◆ EXERCISE AIM: Once the line containing "- Includes 8 Plug-In 4K Wi-Fi Cameras" appears, output it and each remaining line of the records below exactly, with no pictures and nothing more.

◆ PROVIDED MATERIAL:

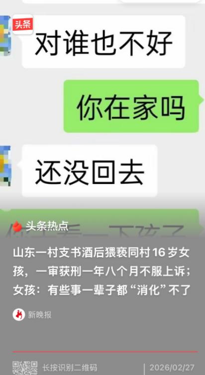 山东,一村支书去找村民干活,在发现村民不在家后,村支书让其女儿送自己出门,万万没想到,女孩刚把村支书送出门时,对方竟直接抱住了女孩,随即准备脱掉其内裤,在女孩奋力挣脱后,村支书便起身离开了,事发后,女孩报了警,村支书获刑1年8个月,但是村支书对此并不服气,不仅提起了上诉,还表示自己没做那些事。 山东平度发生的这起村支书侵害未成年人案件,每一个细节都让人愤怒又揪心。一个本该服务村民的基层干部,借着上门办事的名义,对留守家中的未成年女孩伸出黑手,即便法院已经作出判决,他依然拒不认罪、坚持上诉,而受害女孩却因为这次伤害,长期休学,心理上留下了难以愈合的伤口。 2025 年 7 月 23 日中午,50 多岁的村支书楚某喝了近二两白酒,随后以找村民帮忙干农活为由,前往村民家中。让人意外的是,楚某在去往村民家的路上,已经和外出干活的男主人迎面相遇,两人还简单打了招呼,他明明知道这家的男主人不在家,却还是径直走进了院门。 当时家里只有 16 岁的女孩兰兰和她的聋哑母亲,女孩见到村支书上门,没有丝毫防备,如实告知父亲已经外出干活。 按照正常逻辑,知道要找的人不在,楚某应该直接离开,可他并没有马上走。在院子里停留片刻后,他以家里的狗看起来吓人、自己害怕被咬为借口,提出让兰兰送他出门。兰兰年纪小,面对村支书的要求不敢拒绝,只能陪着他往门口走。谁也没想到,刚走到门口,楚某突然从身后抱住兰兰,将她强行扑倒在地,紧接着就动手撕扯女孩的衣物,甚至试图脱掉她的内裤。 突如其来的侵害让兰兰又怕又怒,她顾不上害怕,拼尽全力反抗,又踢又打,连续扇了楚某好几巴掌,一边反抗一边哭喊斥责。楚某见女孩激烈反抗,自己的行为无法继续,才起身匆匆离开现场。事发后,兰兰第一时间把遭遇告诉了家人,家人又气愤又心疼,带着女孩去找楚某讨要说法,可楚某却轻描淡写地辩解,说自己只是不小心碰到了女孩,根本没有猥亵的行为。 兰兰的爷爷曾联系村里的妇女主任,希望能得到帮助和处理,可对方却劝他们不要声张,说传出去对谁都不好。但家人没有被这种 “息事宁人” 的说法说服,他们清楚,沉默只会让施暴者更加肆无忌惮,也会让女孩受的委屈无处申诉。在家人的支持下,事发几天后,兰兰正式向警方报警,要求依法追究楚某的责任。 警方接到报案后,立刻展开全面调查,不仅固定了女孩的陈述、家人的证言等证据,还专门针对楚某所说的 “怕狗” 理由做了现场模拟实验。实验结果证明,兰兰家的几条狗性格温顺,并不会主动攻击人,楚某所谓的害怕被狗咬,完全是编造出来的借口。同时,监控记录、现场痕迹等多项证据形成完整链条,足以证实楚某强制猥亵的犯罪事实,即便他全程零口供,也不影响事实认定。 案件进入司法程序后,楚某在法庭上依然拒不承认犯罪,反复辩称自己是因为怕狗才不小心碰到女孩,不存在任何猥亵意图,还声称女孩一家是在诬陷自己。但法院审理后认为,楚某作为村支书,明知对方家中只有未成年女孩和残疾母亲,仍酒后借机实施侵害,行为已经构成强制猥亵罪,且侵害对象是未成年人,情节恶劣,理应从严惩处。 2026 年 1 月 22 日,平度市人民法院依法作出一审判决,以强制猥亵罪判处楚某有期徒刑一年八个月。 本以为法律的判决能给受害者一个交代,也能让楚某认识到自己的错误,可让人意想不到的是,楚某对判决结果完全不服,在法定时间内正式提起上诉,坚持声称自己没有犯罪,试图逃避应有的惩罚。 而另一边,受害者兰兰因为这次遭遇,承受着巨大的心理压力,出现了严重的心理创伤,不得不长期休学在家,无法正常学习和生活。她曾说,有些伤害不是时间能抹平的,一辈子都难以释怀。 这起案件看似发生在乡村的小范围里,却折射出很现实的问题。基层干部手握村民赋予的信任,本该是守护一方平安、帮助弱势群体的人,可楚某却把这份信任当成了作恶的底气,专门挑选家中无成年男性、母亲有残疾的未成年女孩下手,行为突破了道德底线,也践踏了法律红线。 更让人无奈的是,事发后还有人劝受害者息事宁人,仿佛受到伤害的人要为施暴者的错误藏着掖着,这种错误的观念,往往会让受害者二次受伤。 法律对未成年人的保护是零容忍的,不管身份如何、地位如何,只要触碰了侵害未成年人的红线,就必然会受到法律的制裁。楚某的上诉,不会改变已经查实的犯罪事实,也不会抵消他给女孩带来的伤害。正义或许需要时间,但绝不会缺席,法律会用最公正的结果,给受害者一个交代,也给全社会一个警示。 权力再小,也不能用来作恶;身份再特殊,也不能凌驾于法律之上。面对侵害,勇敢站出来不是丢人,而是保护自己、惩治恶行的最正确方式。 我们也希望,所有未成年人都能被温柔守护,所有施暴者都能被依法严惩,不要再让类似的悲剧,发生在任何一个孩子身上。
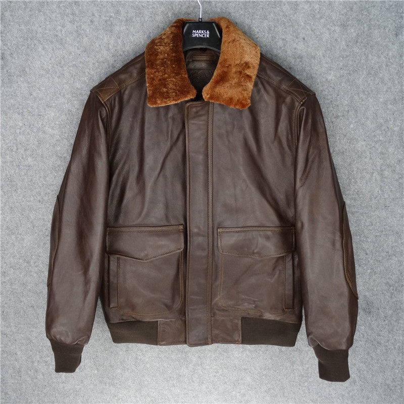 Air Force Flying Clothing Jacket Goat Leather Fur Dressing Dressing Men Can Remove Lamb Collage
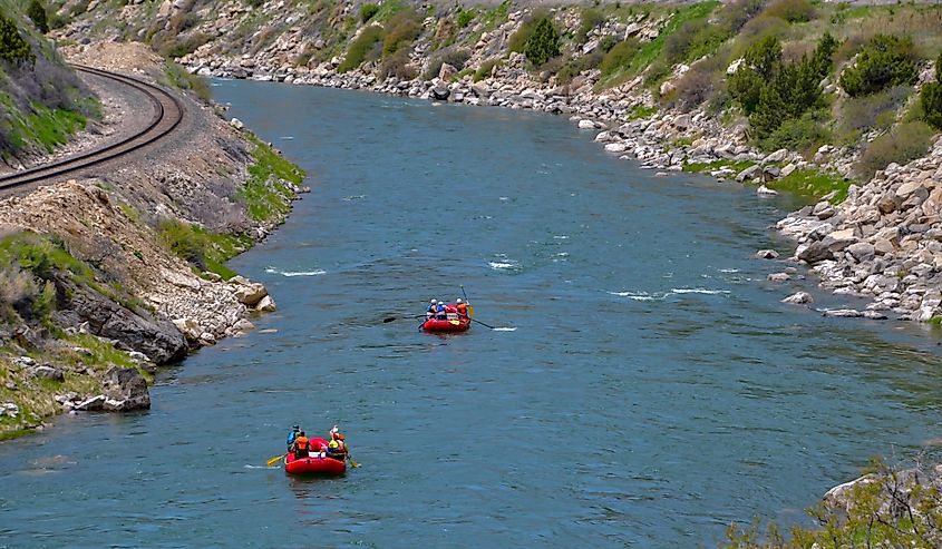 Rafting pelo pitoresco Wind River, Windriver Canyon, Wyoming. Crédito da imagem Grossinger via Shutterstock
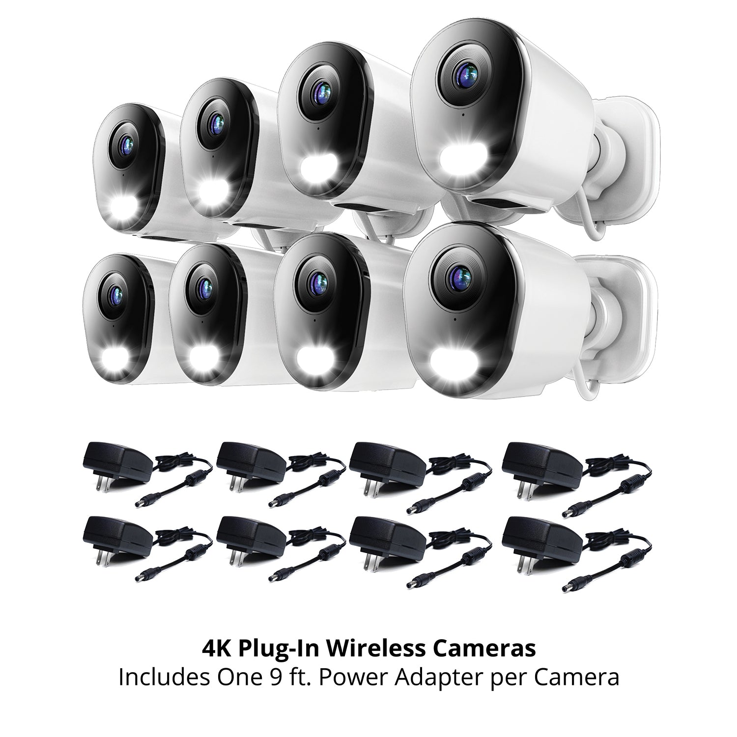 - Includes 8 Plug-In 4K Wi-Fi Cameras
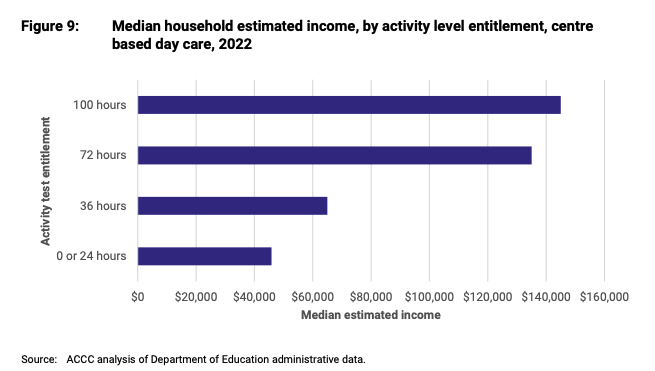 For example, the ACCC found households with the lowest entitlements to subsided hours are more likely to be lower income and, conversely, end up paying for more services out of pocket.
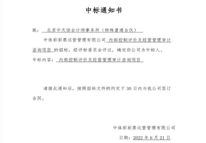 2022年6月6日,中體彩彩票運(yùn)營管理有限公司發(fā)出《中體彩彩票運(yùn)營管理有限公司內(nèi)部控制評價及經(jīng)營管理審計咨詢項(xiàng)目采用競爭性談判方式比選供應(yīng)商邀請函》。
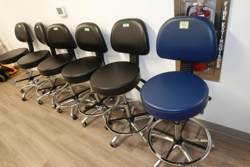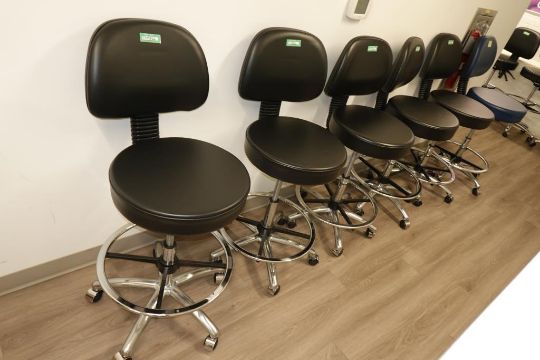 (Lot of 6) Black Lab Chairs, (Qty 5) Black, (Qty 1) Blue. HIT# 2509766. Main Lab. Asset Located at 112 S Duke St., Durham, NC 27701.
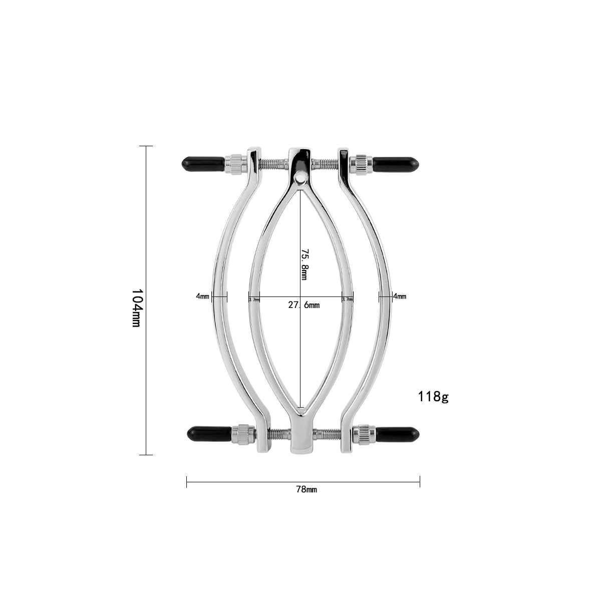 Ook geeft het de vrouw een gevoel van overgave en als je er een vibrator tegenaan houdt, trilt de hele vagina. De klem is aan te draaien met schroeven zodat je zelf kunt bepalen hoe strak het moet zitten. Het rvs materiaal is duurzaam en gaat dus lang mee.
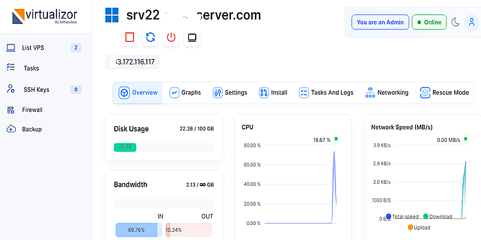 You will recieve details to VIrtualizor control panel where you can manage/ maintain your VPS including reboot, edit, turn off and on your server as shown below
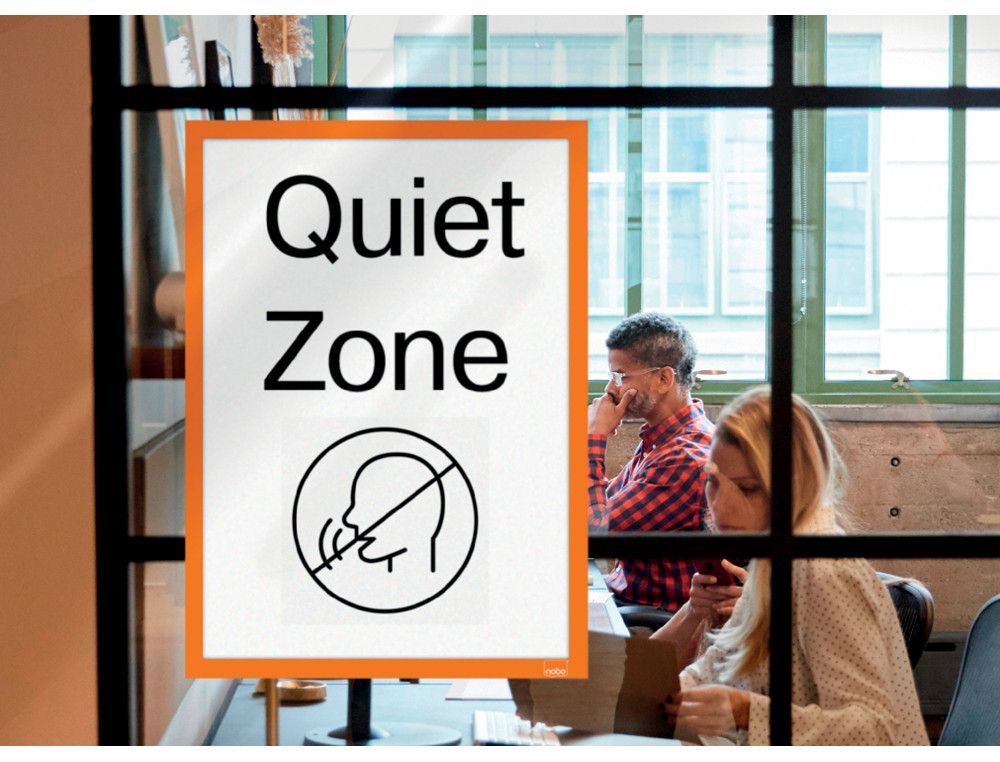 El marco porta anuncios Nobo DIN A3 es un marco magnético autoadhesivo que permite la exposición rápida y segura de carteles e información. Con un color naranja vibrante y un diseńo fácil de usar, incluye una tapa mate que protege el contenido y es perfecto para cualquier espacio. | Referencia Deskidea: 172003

◆ TASK SOLUTION:
 - Includes 8 Plug-In 4K Wi-Fi Cameras
 For example, the ACCC found households with the lowest entitlements to subsided hours are more likely to be lower income and, conversely, end up paying for more services out of pocket.
 2022年6月6日,中體彩彩票運(yùn)營管理有限公司發(fā)出《中體彩彩票運(yùn)營管理有限公司內(nèi)部控制評價及經(jīng)營管理審計咨詢項(xiàng)目采用競爭性談判方式比選供應(yīng)商邀請函》。
 (Lot of 6) Black Lab Chairs, (Qty 5) Black, (Qty 1) Blue. HIT# 2509766. Main Lab. Asset Located at 112 S Duke St., Durham, NC 27701.
 Ook geeft het de vrouw een gevoel van overgave en als je er een vibrator tegenaan houdt, trilt de hele vagina. De klem is aan te draaien met schroeven zodat je zelf kunt bepalen hoe strak het moet zitten. Het rvs materiaal is duurzaam en gaat dus lang mee.
 You will recieve details to VIrtualizor control panel where you can manage/ maintain your VPS including reboot, edit, turn off and on your server as shown below
 El marco porta anuncios Nobo DIN A3 es un marco magnético autoadhesivo que permite la exposición rápida y segura de carteles e información. Con un color naranja vibrante y un diseńo fácil de usar, incluye una tapa mate que protege el contenido y es perfecto para cualquier espacio. | Referencia Deskidea: 172003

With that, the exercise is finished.